Customs also uncovered an increase in counterfeits of goods less commonly seen in the past such as branded guitars and construction materials, says the OECD.

Once again, the report pointed to a big increase in the use of small parcels sent by post or express courier as a growing distribution channel for counterfeits, accounting for more than two-thirds (69 per cent) of total customs seizures by volume over 2014-2016 (57 per cent via post and 12 per cent via courier), up from 63 per cent over the 2011-2013 period.

“Along with insufficient screening of small parcels, other areas where policy gaps are facilitating counterfeit trade are inconsistent penalties on traffickers and the special rules governing free trade zones, says the OECD,

“Past OECD-EUIPO analysis has shown that free trade zones – where economic activity is driven by reduced taxes, customs controls and lighter regulation – can unintentionally facilitate counterfeit trade,” it adds. The OECD is working with its member countries on formal guidelines to help authorities stem the problem.
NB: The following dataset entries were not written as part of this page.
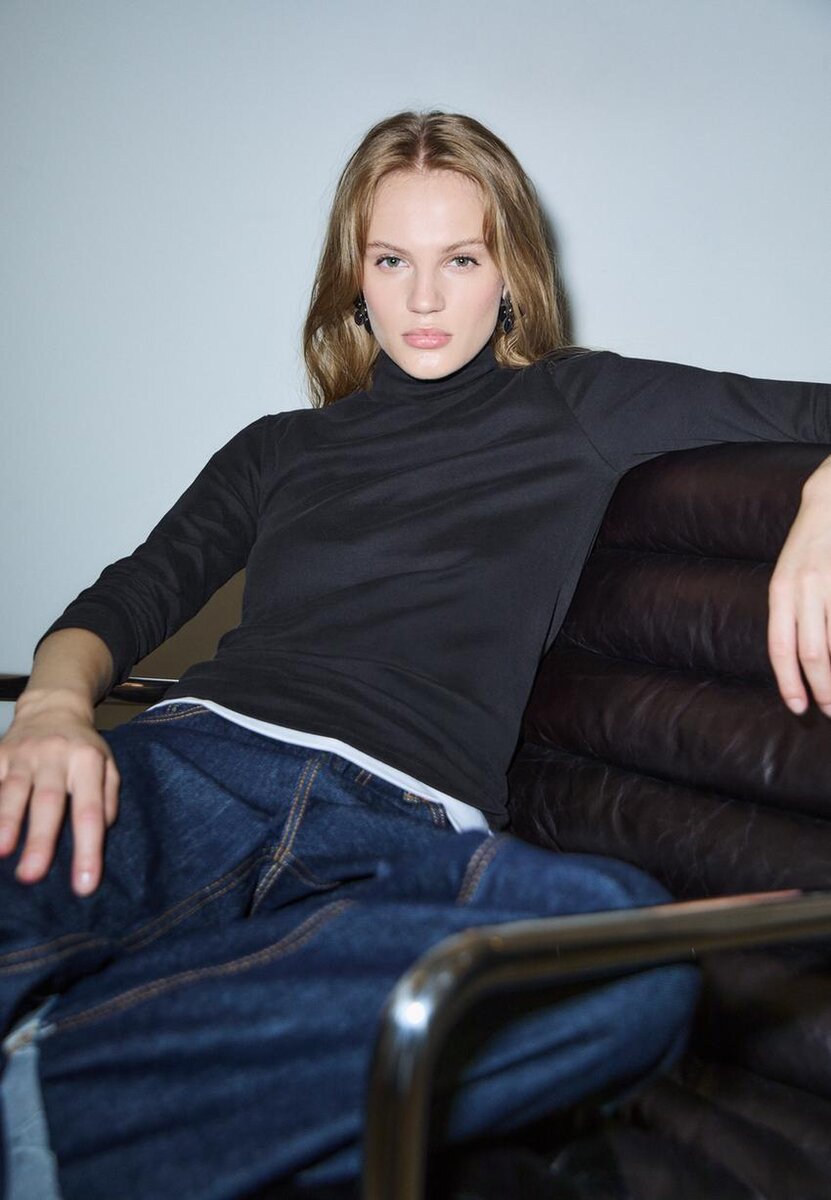 Basisplagg laget av et Soft-Touch-stoff. Har høy hals og lange ermer. Tilgjengelig i ulike farger.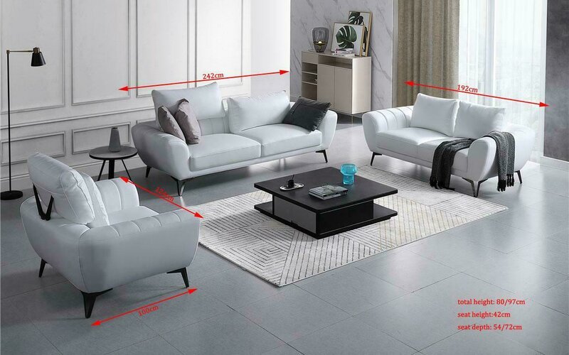 De 'Liederdivan Canapé Wunnlandschaft 3+2+1 Sëtzer Divan Garnitur Design Neit' ass déi perfekt Ergänzung fir all stylbewosst Heem. Mat sengen dräi, zwee an eent Sëtzer Optiounen, bidd dësen exquisite Couch-Set eng flexibel Sëtzméiglechkeet mat enger Gesamtmaachung vun ca. 242/192/124 cm Längt. D'Komfort ass duerch deng Sëtzdéift vun ca. 54/72 cm an engem entspaanten Sëtzhéicht vun ca. 42 cm garantéiert. Dëse Set rifft mat sengem Premium Liederfaserstoff, deen aus 70% Lieder an 30% Polyester besteet, eraus, a bréngt Eleganz an all Zëmmer. Mat der Optioun vu ville Faarfwiessel si méiglech, kënnt dir de Set un är spezifesch Dekoren ubassen.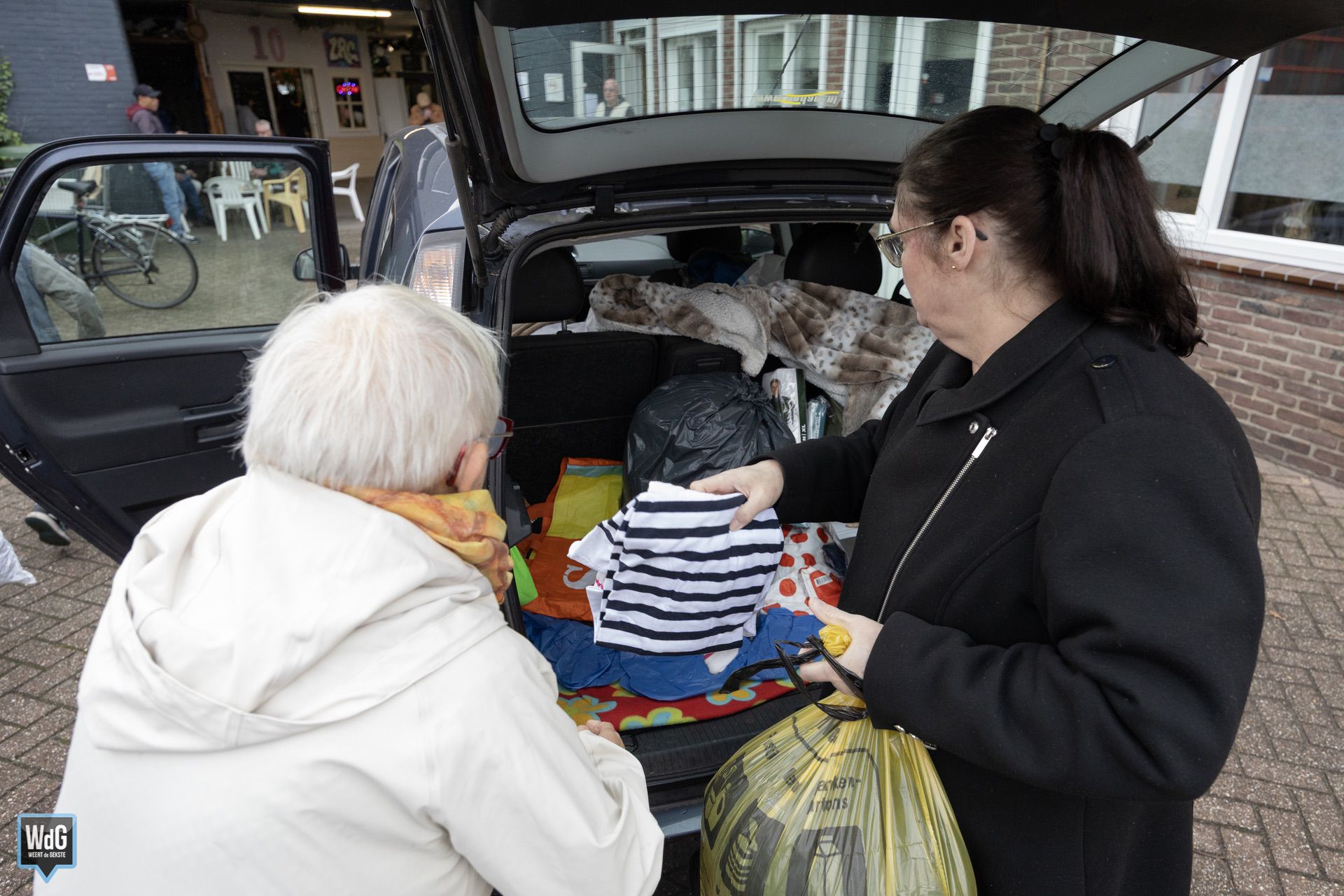 Zaterdag bracht Amos de jassen persoonlijk naar het Zelfregiecentrum Weert. Medewerkers, vrijwilligers en bezoekers gaven de actie een feestelijk tintje.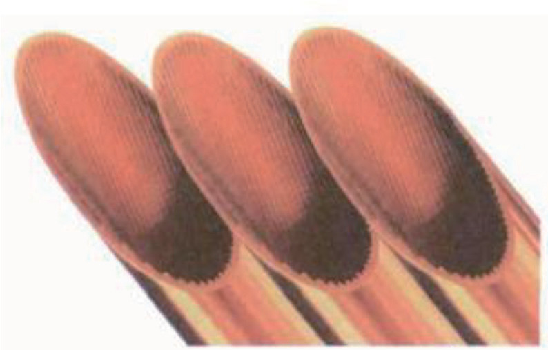 (2)原材料:行業(yè)內(nèi)的銅管通常使用為磷脫氧銅內(nèi)螺紋管,內(nèi)表面增加螺紋的作用是增加內(nèi)表面積,提高傳熱效果,如圖2 所示:牌號TP2,材料狀態(tài)M,來料狀態(tài)LWC。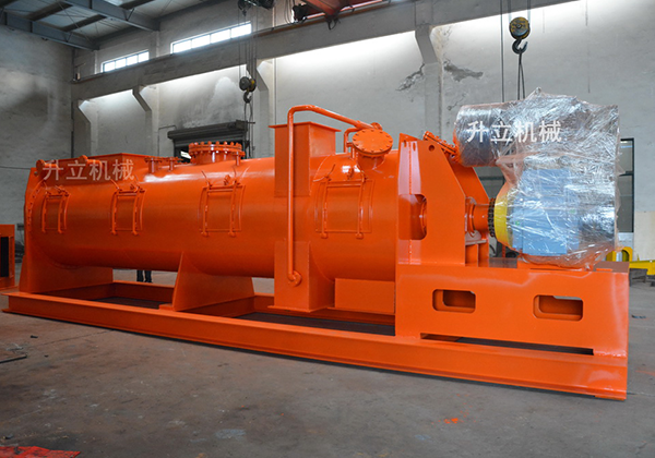 投入預破碎的物料、固體顆粒、廢液、污泥、礦渣等各種物料充分混合,達到均質化效果。該裝置為連續性混合設備,采用單軸槳葉式攪拌、內襯耐磨板、特殊設計的出料閘板,結合稱重系統、檢視系統、等組合部件,達到連續化作業、高產能的工藝。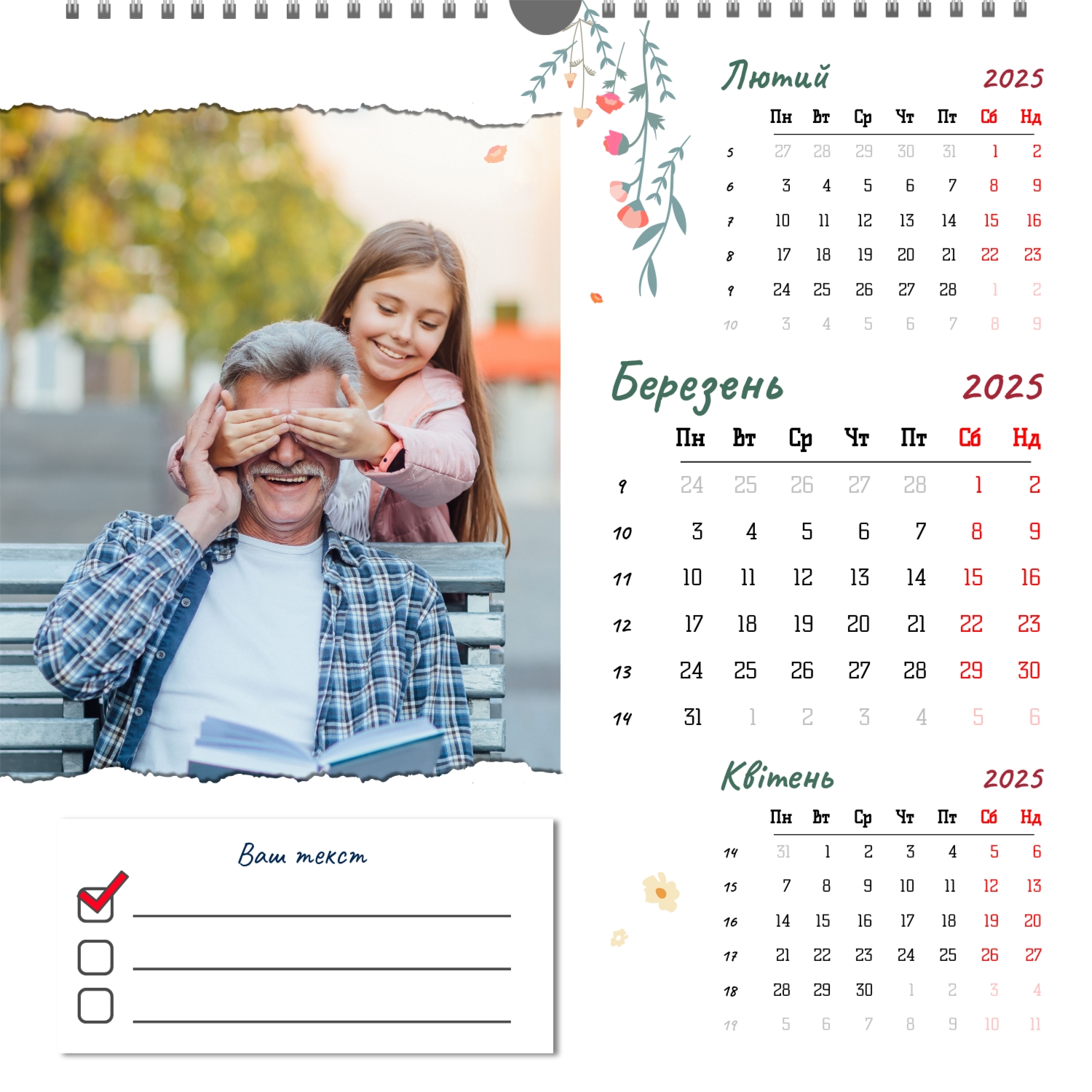 Безкоштовний шаблон ретро календаря для бабусі та дідуся. Створіть макет своїми руками в конструкторі календарів.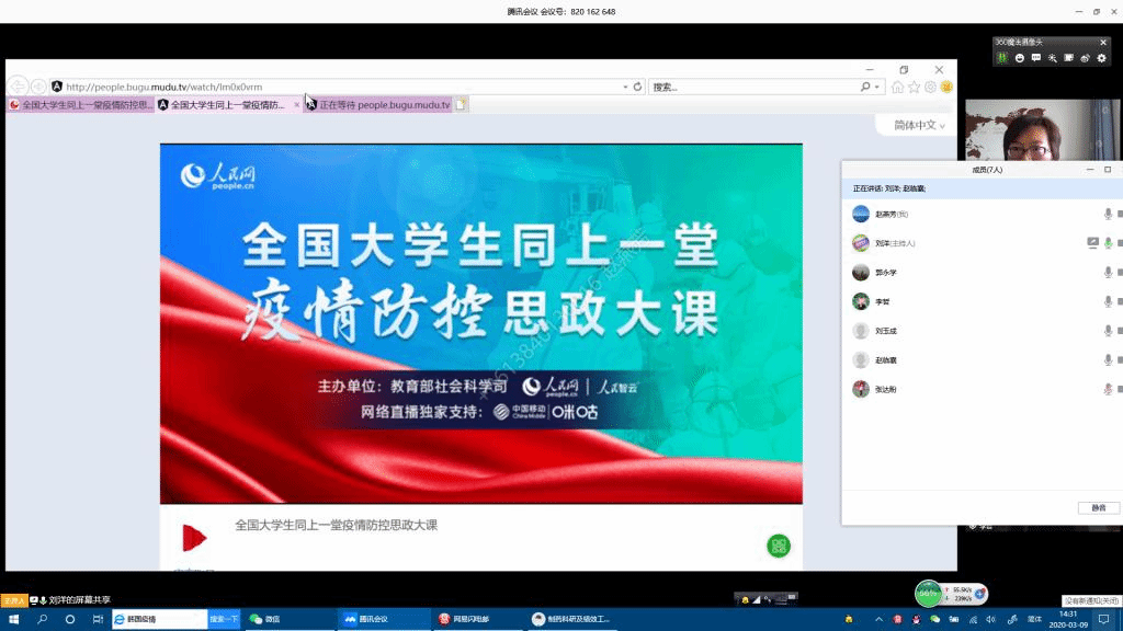 3月9日14:30至16:00,“全国大学生同上一堂疫情防控思政大课”如期进行。今年会jinnianhui官网全体学生工作队伍和1273名本科生观看直播,229名本科生因课程冲突观看回放。学院领导班子成员以党政联席会议的形式,通过“腾讯会议”平台,共同观看了此次思政大课。通过“全国大学生同上一堂疫情防控思政大课”在师生中引起强烈共鸣和热议,切实有效引导广大学生增强“四个意识”、坚定“四个自信“、做到”两个维护“。
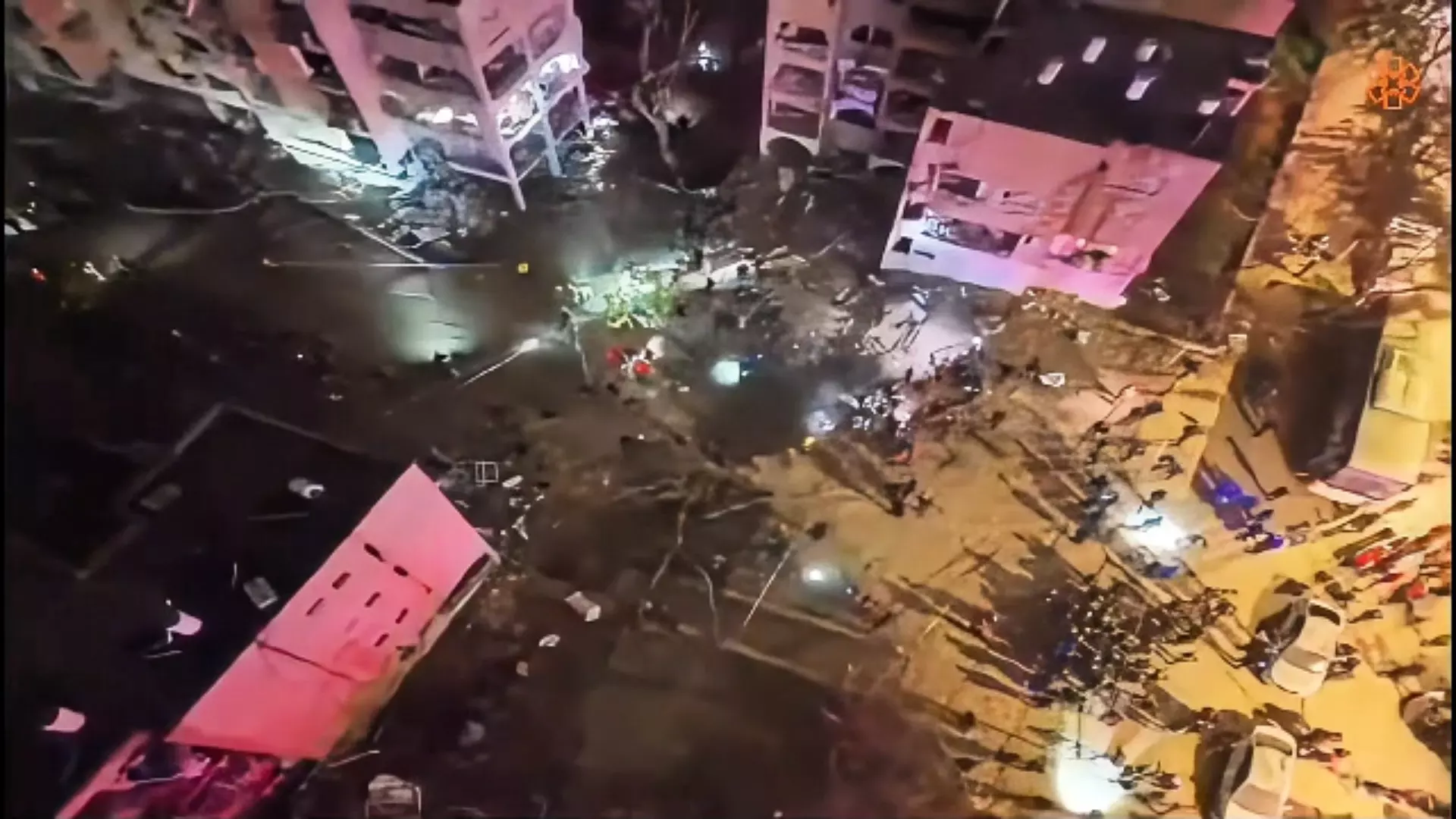 Las imágenes aéreas captadas por un dron del servicio de emergencias United Hatzalah muestran el punto donde impactó el misil balístico iraní lanzado contra la ciudad de Arad, en el sur de Israel, un ataque que dejó 64 heridos y provocó daños de consideración entre varios edificios residenciales.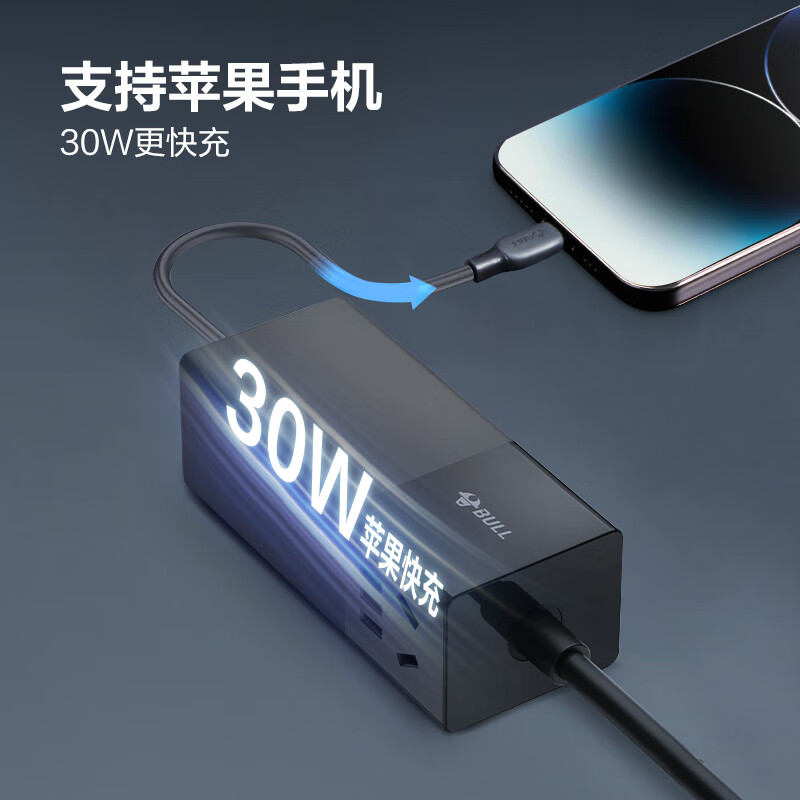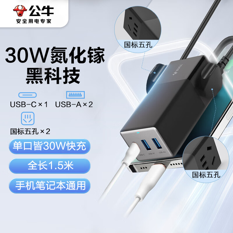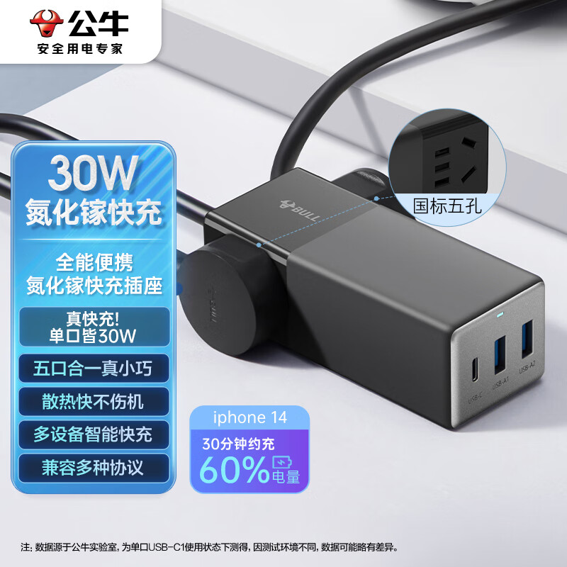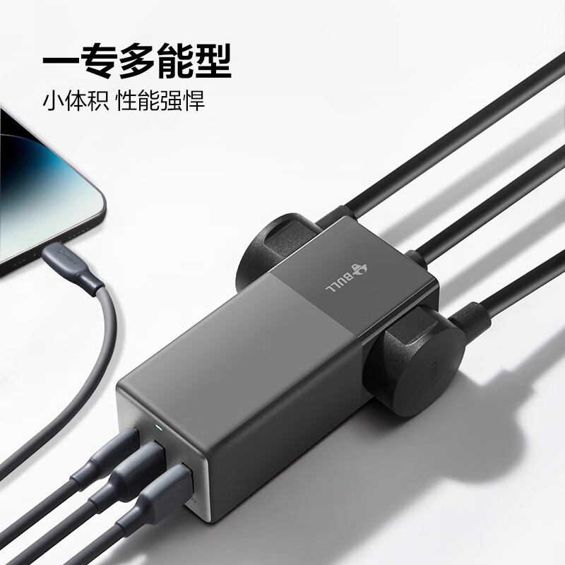 公牛(BULL)氮化镓30W充电器快充笔记本插座/插线板/插排/接线板 小电舱快充 USB(1C2A)+2插孔 灰色价格:100.00元!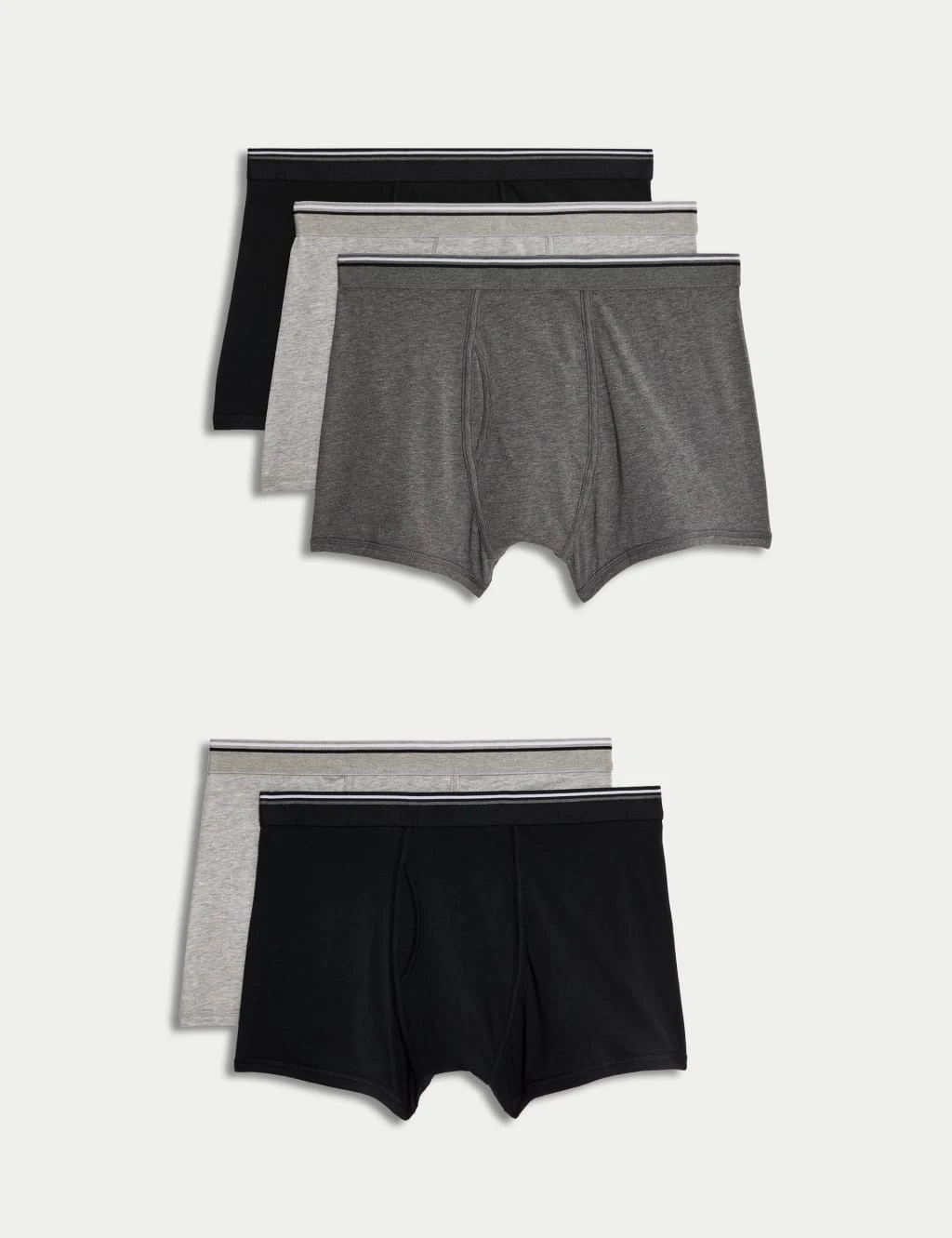 Stock up on your daily essentials with these cotton-rich trunks. Handy five-pack, made to a regular fit, with a contemporary marl design and a striped waistband. Our Cool & Fresh™ finish keeps you feeling dry all day. StayNew™ technology maintains the colour and finish, wash after wash. M&S Collection: easy-to-wear wardrobe staples that combine classic and contemporary styles.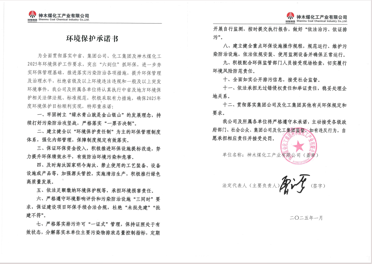 神木煤化工產業有限公司2025年環境保護承諾書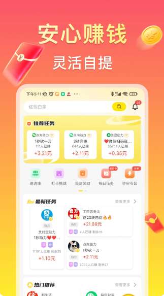 3、赚钱安心—— 赚钱任务审核通过,奖励金立即到账户,安心!

And while counterfeit and pirated goods originate from virtually all economies in all continents, China and Hong Kong continue to be by far the biggest source, with the United Arab Emirates, Turkey, Singapore, Thailand, India and Malaysia also prominent contributors to the trade.

The countries most affected by counterfeiting in 2016 were headed by the US, whose brands or patents were concerned by 24 per cent of the fake products seized, followed by France at 17 per cent, Italy (15 per cent), Switzerland (11 per cent) and Germany (9 per cent).

Emerging economies aren’t immune however, and a growing number of businesses in Singapore, Hong Kong, Brazil and China are also becoming targets.